Your instructions —
The output should match, line for line, the records from the line containing "Раньше сотрудники выходили" through the line containing "集宁区人民政府办公室关于聘任", with every picture left out.

Items listed in a dataset:
○ ○ ○ ○ ○ ○ ○

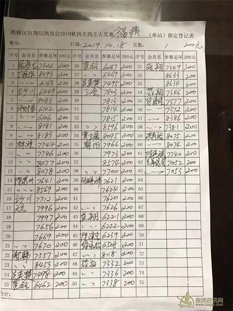 湘桥区恒翔信鸽协会2019年秋四关鸽王大赛福鼎单站指定登记表
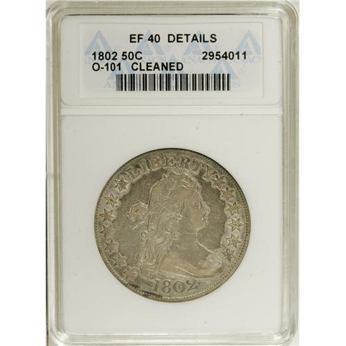 <B>1802 50C --Cleaned--ANACS. XF40 Details.</B></I> O-101, R.3. The only dies for this early Heraldic Eagle date. Mottled khaki-gold and ocean-blue toning cedes to slate-gray near the rims. E PLURIBUS UNUM is mostly legible, and glimmers of luster remain. A hairlined piece with inconspicuous pinscratches in front of the mouth and below the jaw.<BR><I>From The Hoosier Discovery Collection.</B></I><BR><BR><b>Shipping:</b> Coins & Currency (<a target="_blank" href="http://www.heritageauctions.com/common/shipping.php">view shipping information</a>)
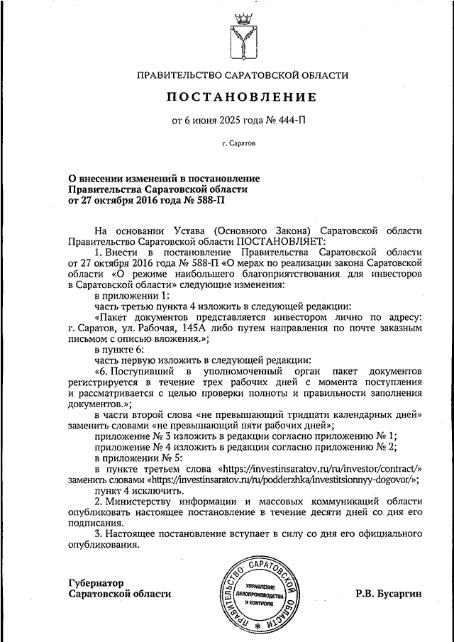 Постановление Правительства Саратовской области от 06.06.2025 N 444-П "О внесении изменений в постановление Правительства Саратовской области от 27 октября 2016 года N 588-П"
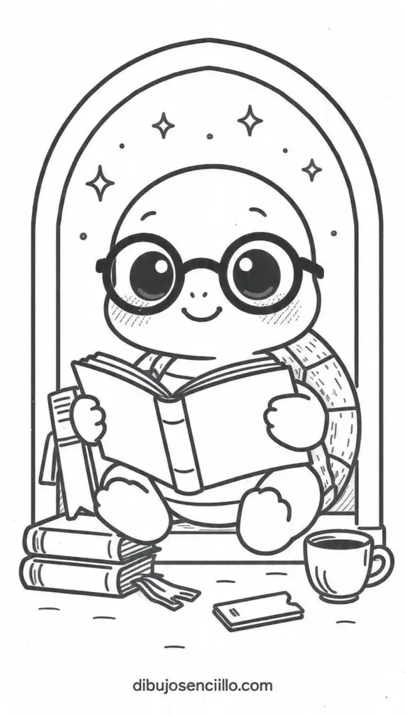 Una tortuga usando lentes de lectura sosteniendo libro abierto con aletas mostrando expresión concentrada estudiosa. La pila de libros y taza de té crean rincón de lectura acogedor perfecto para aprender. El marcador y lugar cómodo de lectura sugieren que las tortugas sabias dedican su larga vida a acumular conocimiento pacientemente.
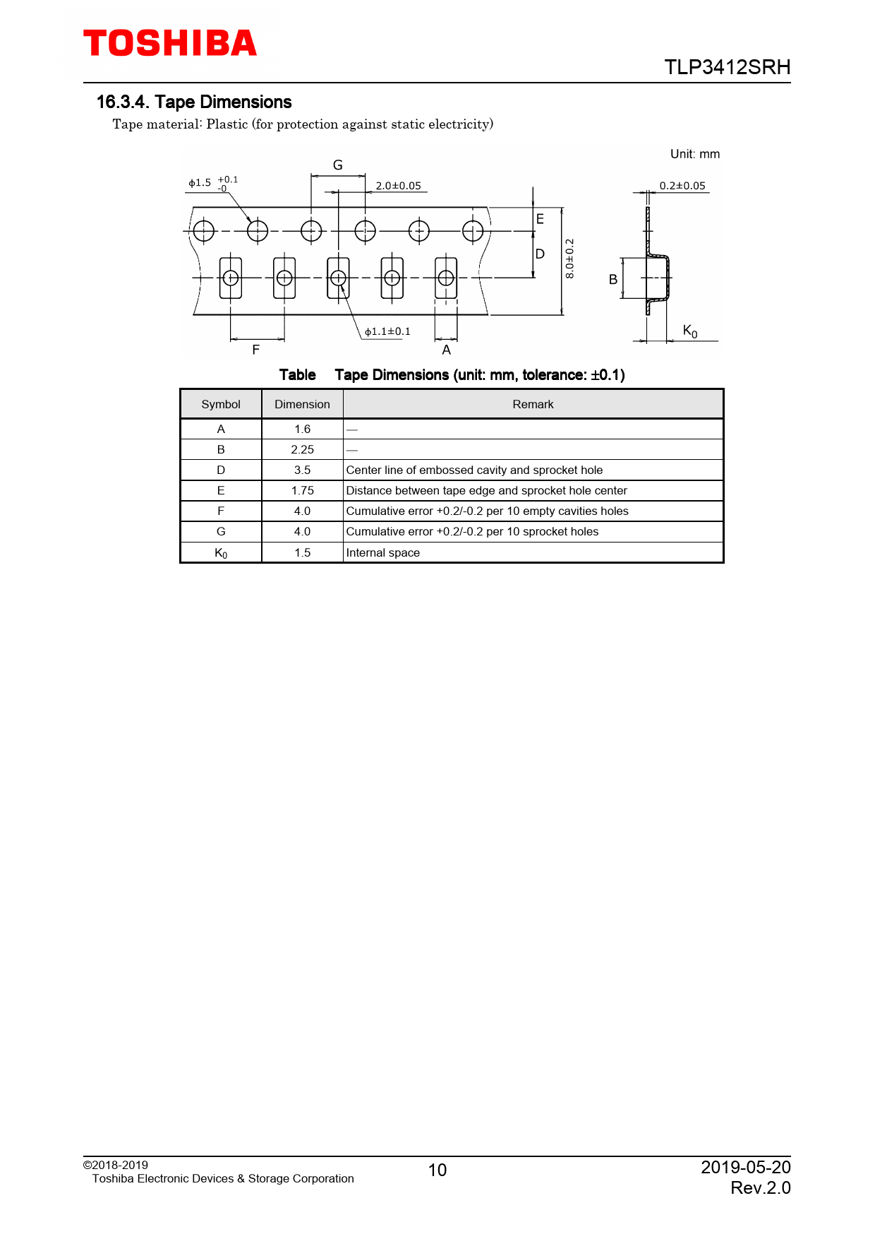 TLP3412SRH 16.3.4. Tape Dimensions Tape material: Plastic (for protection against static electricity) Table Tape Dimensions (unit: mm, tolerance: ±0.1) Symbol Dimension Remark A 1.6 B 2.25 D 3.5 Center line of embossed cavity and sprocket hole E 1.75 Distance between tape edge and sprocket hole center F 4.0 Cumulative error +0.2/-0.2 per 10 empty cavities holes G 4.0 Cumulative error +0.2/-0.2 per 10 sprocket holes K0 1.5 Internal space ©2018-2019 10 2019-05-20 Toshiba Electronic Devices & Storage Corporation Rev.2.0
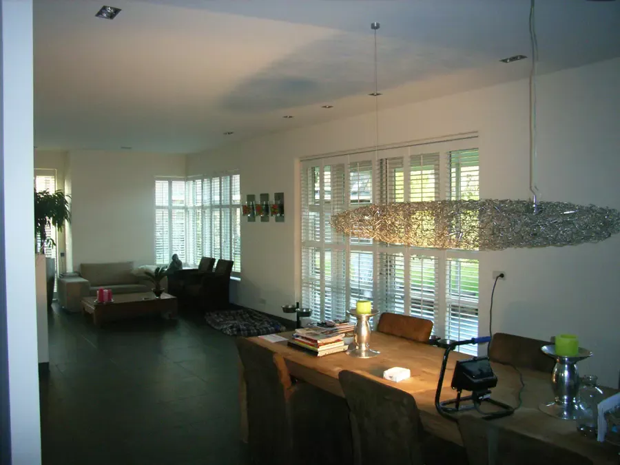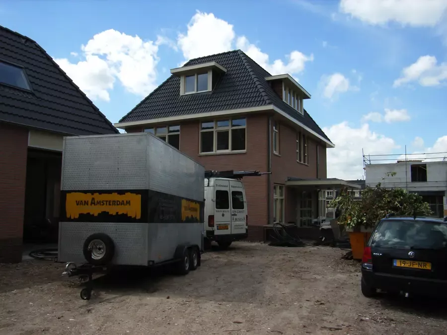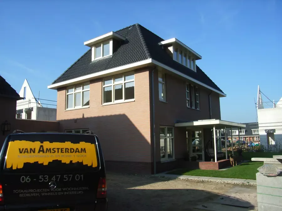 In Kortehoef is een volledig nieuwe wijk ontwikkeld, en het grootste huis hiervan hebben wij vanaf de bouw tot in de puntjes afgewerkt. Zowel binnen als buiten hebben we al het houtwerk in hoogglans geschilderd en de wanden en plafonds voorzien van spuitwerk met afneembare matte verf. Drie jaar later hebben we het gehele pand zorgvuldig geïnspecteerd en bijgewerkt. Na nog eens drie jaar hebben we alles opnieuw geschilderd om de kwaliteit en uitstraling te waarborgen.
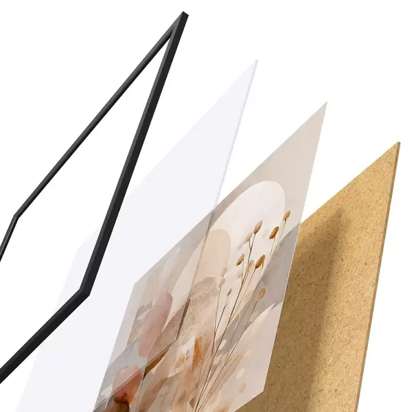 Das Poster besteht aus einem Rahmen, Plexiglas, einem gedruckten Bild und einer Rückwand aus Spanplatten. Dank der Halterungen auf der Rückseite kann das Poster sofort an die Wand gehängt werden.
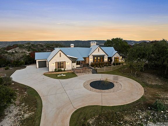 Designed in conjunction with French & French Interiors, out of Santa Fe New Mexico. Custom designed for the lot specifically to take in the front and rear hill country views. Dramatic Entry with Steel Glass Doors opens to the spacious family/dining areas with vaulted and beamed ceilings. Personality displayed by many different wallpapers seen throughout. Old Chicago brick, white oak wood floors (No Carpet). Kitchen Showcases black cement tile, custom cabinets, SKS appliance package, Mount Blanc Quartz counters. Custom designed cabinets showcasing a unique china cabinet and coffee bar. The hidden gem is the "dirty kitchen" next to the main kitchen that features a second sink, dishwasher, oven, and refrigerator that makes the perfect spot to prepare for the most intimate dinner party. Master suite with fireplace vaulted and beamed ceilings and private entrance out to the covered patio with outdoor kitchen and fireplace. Master bathroom features "his" and "her" sides connected by a pass through shower, separate toilets, and closets. Great flex space off the master bath that could be an exercise room, home office, hobby room... so many possibilities. Large guest suite with private entrance and patio to the front courtyard. Perfect spot for extended stay guests or a full time in law. Mud room has private entrance to the 2 car garage or the laundry room has a private entrance to the 3rd car garage. Secondary bedrooms are on the opposite side of the home featuring ensuite baths. The rear secondary bedroom has an entrance onto a private screen porch overlooking the large rear yard with hill country views. The Reserve at Falling Water is Comforts most exclusive gated community and has a community wide agricultural exemption to help save on those property taxes. Great location, less than 20 minutes to Fredericksburg or Kerrville. The Rim at La Cantera is just under 30 minutes. Come see all the charm Comfort has to offer named the Antique Capitol of Texas!
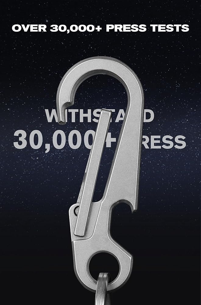 It combines superior load-bearing capacity (22 lbs) with an ultra-lightweight (0.58 oz) build. It features a widened quick-release gate for easy operation and long-lasting durability, along with a unique anti-loss safety hole to prevent keys from detaching accidentally. Additionally, it innovatively integrates a bottle opener function, making it the ultimate portable tool for various scenarios from daily commuting to camping and hiking.
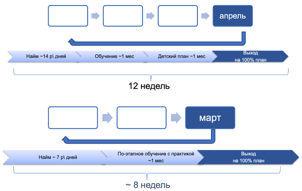 Раньше сотрудники выходили на эффективность в среднем за 3 месяца, с учетом времени на закрытие вакансии. Мы сократили этот срок до 2 месяцев благодаря ускорению найма и изменению процесса адаптации.
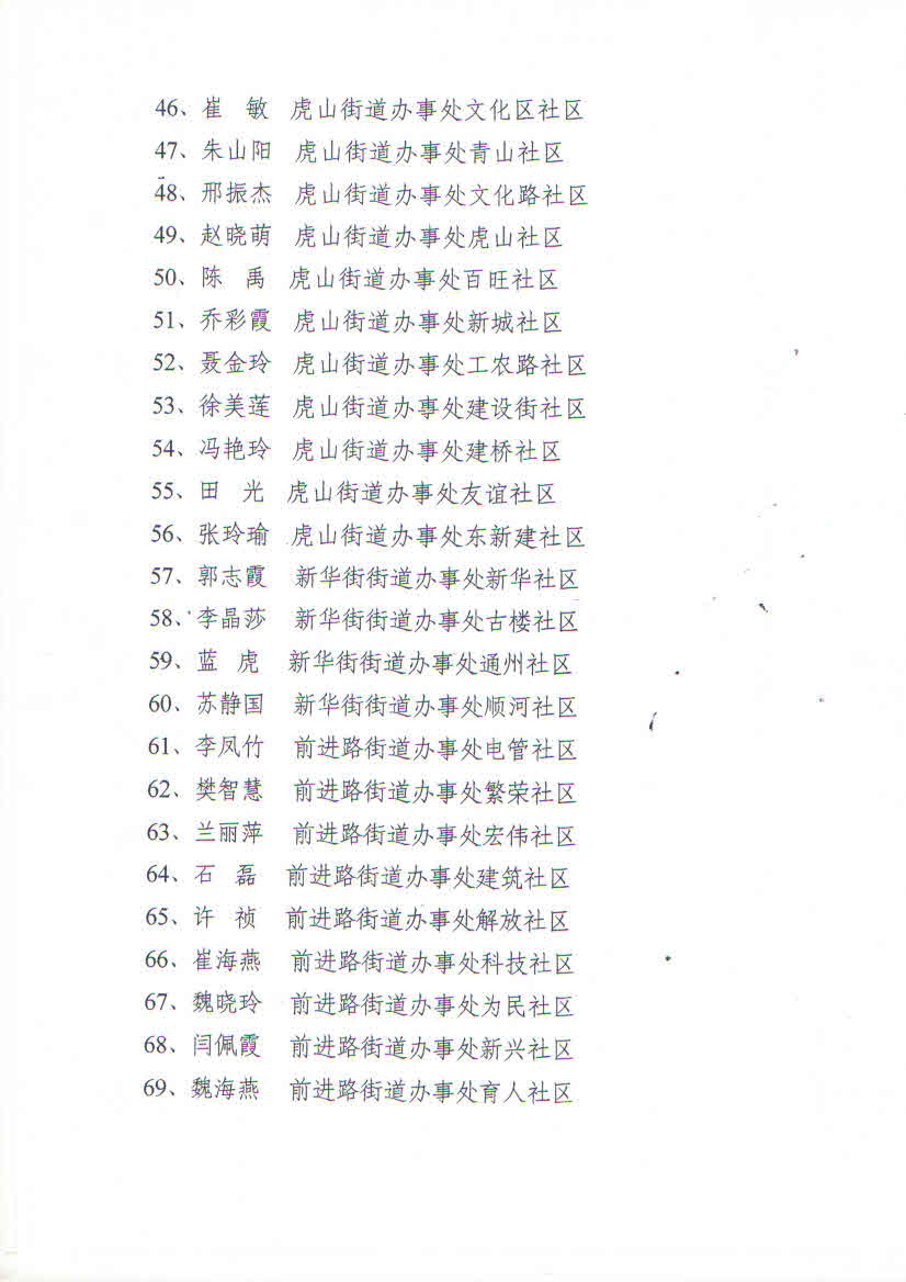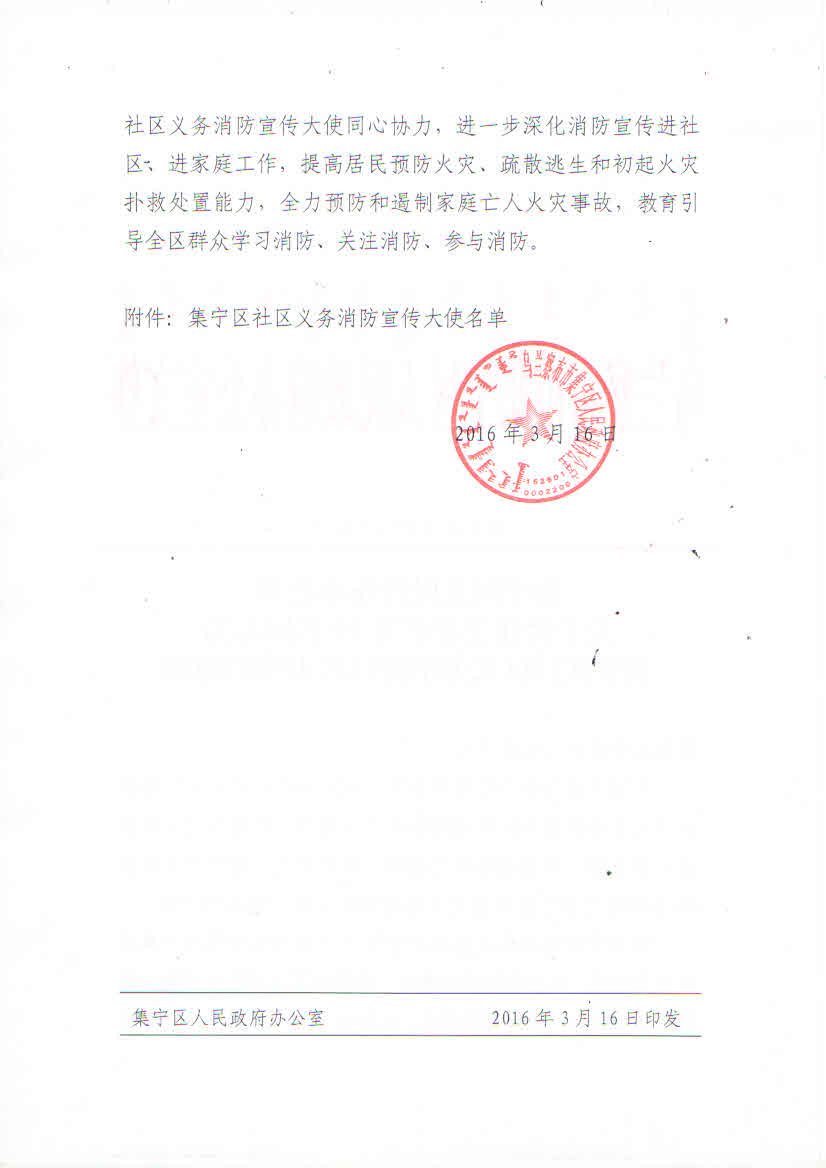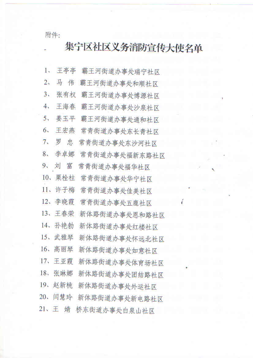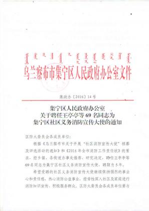 集宁区人民政府办公室关于聘任王亭亭等69名同志为集宁区社区义务消防宣传大使的通知
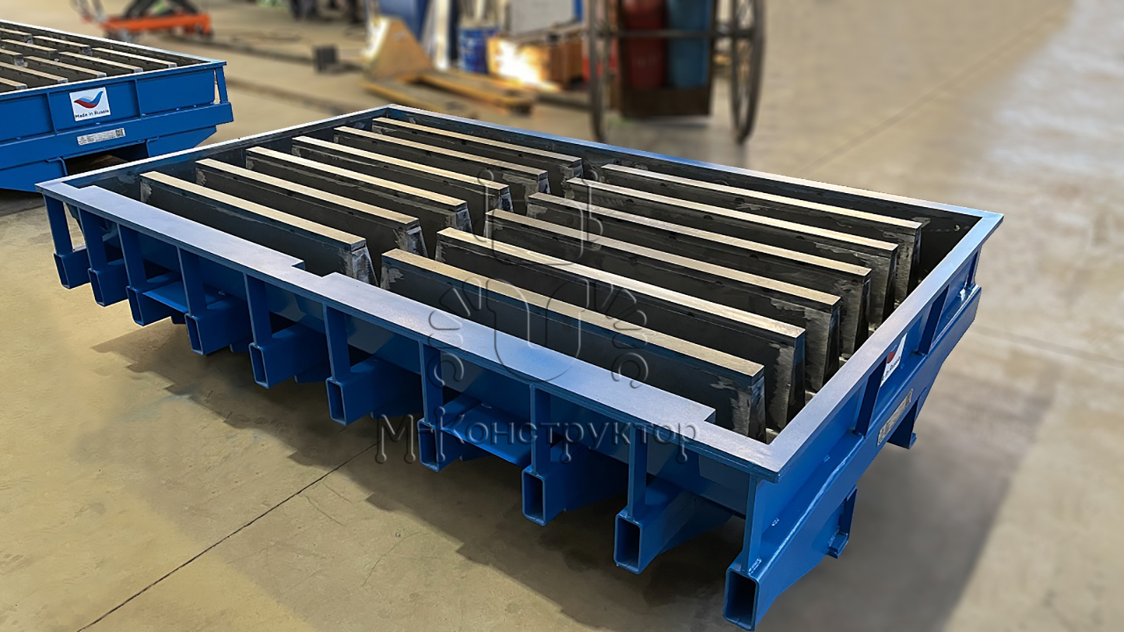 Металлоформы завода «М-Конструктор» для изготовления щелевых полов производятся разных типоразмеров и назначений с шириной щелей от 10 до 80 мм. Могут быть одноместные и многоместные; оборудованные системой вибрации с использованием металлических/пластиковых проемообразователей (на виброраме); под литье жестким силовым бетоном или автоматизированную линию для производства из полусухого бетона.
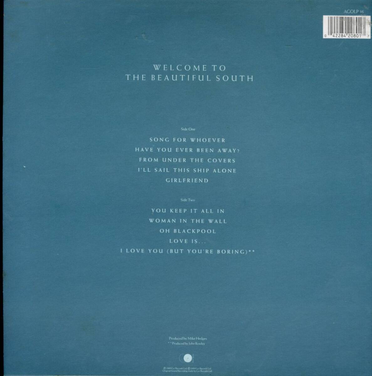 The Housemartins 解散後に中心人物であったポール・ヒートンが結成したバンド、The Beautiful Southの89年発表の1stアルバム。ヒット曲"Song For Whoever"、"You Keep It All In"等収録。//89年 UKプレス Go! Discs・インナースリーブ付(VPI cleaned)
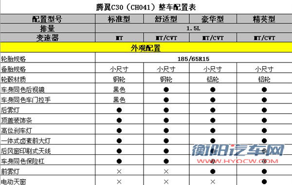 腾翼C30全系都采用了185/65 R15的轮胎,而在其定位的A级车市场上,采用195、205mm胎宽与R16轮毂的车型比比皆是,不得不说在轮胎规格上C30确实显得缺少竞争力。其他的外观配置则是中规中矩,车身同色保险杠,高位刹车灯,一体式前大灯以及后雾灯的配置都是现在紧凑级轿车必不可少的。
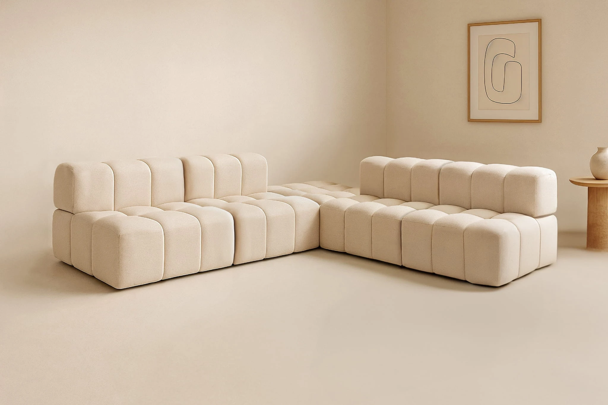 Możesz zmienić konstrukcję narożnika lub odpiąć moduły i korzystać z nich jako osobnych dwóch sof z pufą. Możesz połączyć pufę do jednej z sof i stworzyć zestaw mini narożnika z sofą dwójką. Możesz połączyć ze sobą dwie sofy dwójki i stworzyć wielką sofę do salonu z pufą. Już trzy moduły pozwalają Ci na stworzenie wielu unikalnych kombinacji.
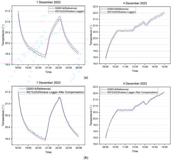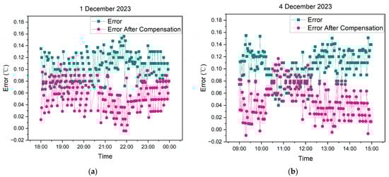 (a) Comparison of display errors of measurement data of wireless temperature logger (W215JD) before and after compensation (data date: 1 December 2023); (b) Comparison of display errors of measurement data of wireless temperature logger (W215JD) before and after compensation (data date: 4 December 2023).
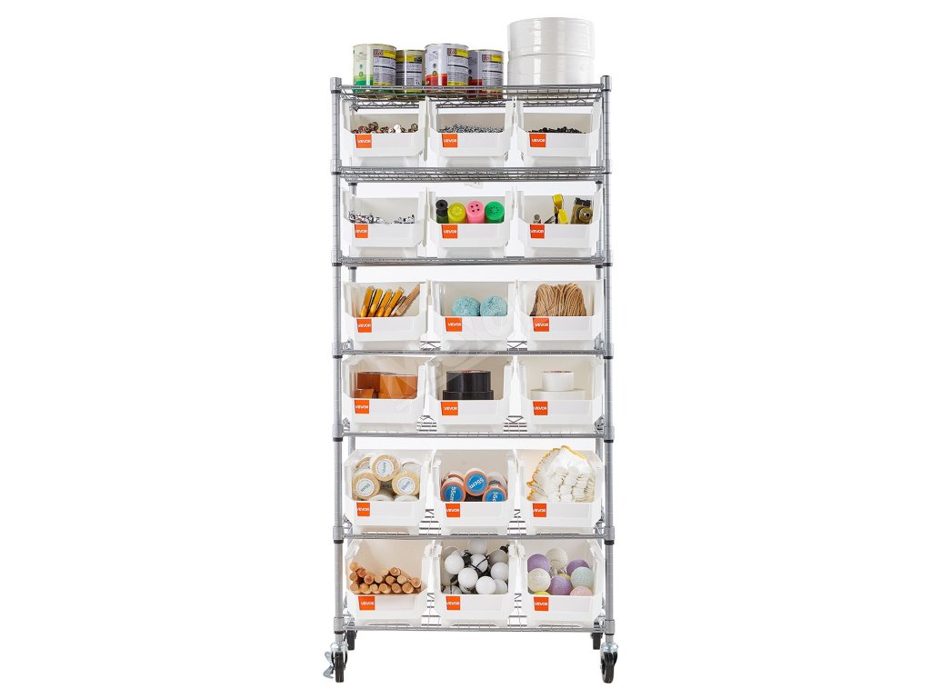 Mobilný stojan s 7 policami a 18 boxmi, oceľový na kolieskach
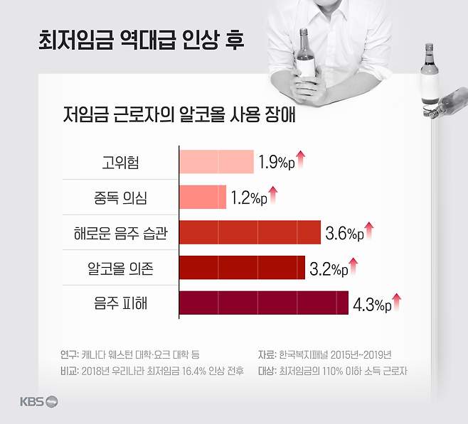 그 결과, 최저임금 이하로 받는 근로자는 인상 후 '알코올 중독 의심' 비율이 1%p 증가한 것으로 조사됐습니다. '해로운 음주 습관' 비율도 4.2%p 상승했습니다.
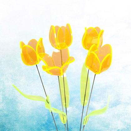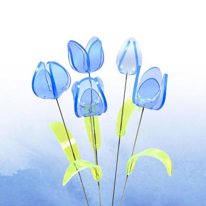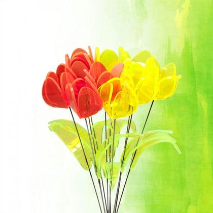 Leuchtende Tulpen aus fluoreszierendem Plexiglas. Jedes Stück handgemacht. Stablänge 48 cm.
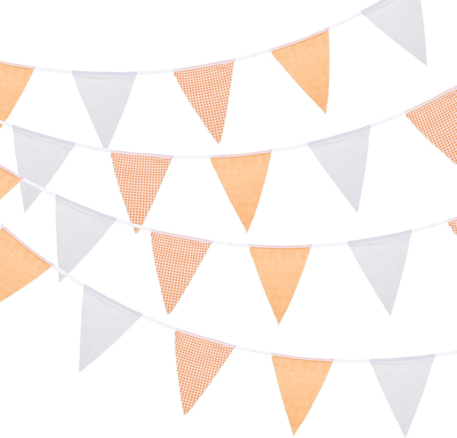 - Orange and White Pennant Banner, Pennant Size: 15 x 18 cm/6 x 7 inch; String Length: 10m/33ft; Color: Orange and White; Material: Cotton; In the package:1 x Orange White Checkered Pennant Banner

○ ○ ○ ○ ○ ○ ○

Result of the exercise —
 Раньше сотрудники выходили на эффективность в среднем за 3 месяца, с учетом времени на закрытие вакансии. Мы сократили этот срок до 2 месяцев благодаря ускорению найма и изменению процесса адаптации.
 集宁区人民政府办公室关于聘任王亭亭等69名同志为集宁区社区义务消防宣传大使的通知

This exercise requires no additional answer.